We don’t feel it directly because of the direction change every quarter turn of the crank. But it’s there in a normal four and because the driveline has to include some kind of ‘springiness’ to deal with it, the feel of the throttle response is not as direct and tactile as it could be.

Joined: 03/01/2010

How does the cross plane crank result in zero inertial torque?

The inertial torque experienced by the crank for one piston occurs twice in 180 degrees of crank rotation at both TDC and BDC.

At TDC the inertia of the piston from its' upward movement in the cylinder is trying to pull the crank pin upwards, out of the cylinder head, and at BDC the ineria of the piston from its' downward movement in the cylinder is trying push the crank pin downwards, through the sump.

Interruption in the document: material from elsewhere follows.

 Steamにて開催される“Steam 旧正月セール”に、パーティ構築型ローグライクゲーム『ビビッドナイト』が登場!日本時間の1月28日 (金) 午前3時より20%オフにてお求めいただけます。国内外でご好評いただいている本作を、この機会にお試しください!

So on a traditional I4 layout with a flat plane crank all 4 pistons exert an inertial force upon the crankshaft simultaneously, all of equaly magnitude (assuming variables such piston weight and crank throw are all equal) in 2 directions, opposed by 180 degrees.

On the cross plane crankshaft the crank pin layout is, when the crank is veiwed end on, No 1 piston at 0 degress, No 2 piston at 90 degrees, No3 at 270 degrees and N 4 at 180 degrees.

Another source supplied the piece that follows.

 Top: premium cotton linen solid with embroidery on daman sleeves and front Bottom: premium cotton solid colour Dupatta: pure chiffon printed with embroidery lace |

So when No 1 piston is at TDC... No 4 piston will be at BDC...No 2 will have accelerated to (or tending toward) maximum velocity after TDC on the way down the cylinder and No 3 will be decelerating (or tending away)from maximum velocity before TDC.

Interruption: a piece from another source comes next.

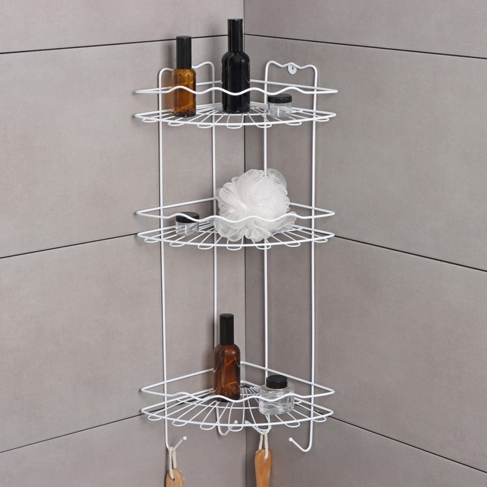 Полка для ванной угловая 3-х ярусная «Волна», 24×24×64 см, цвет белый

So you've always got two pistons that are stationary simultaneously, and exerting inertial torque on the crankshaft, because of the massive percentage change in their velocity from the instant before they were stationary to when the stop moving.

Which ISN'T cancelled out by the inertia of the other two pistons because the other two pistons have a statiscally insignificant percentage change in their velocity as they tend toward or away from the their maximum velocity ~ halfway up/down the cylinder, so exerting little or no inertia.

At best you've got inertial torque at the crankshaft which is aproximately half that of the tradtional flat plane crank, but it's not zero.

This is further negated by the fact that maximum piston velocity does not occur exactly halfway up/down the bore. So one piston will be closer to its' maximum velocity than the other, whether rising or falling.

kevash's picture
Joined: 05/10/2008

Have you also looked at the cross-plane crank feature on here? Click on this link which explains it in detail, the feature on this page is about the magnitude of inertial torque, which is surprisingly large.

At TDC a piston is stationary and about to accelerate down the bore, and in a free-spinning system leaving aside the combustion-generated torque, the crankshaft is pulling it down through the conrod. This accelerates the piston and slows down the crank.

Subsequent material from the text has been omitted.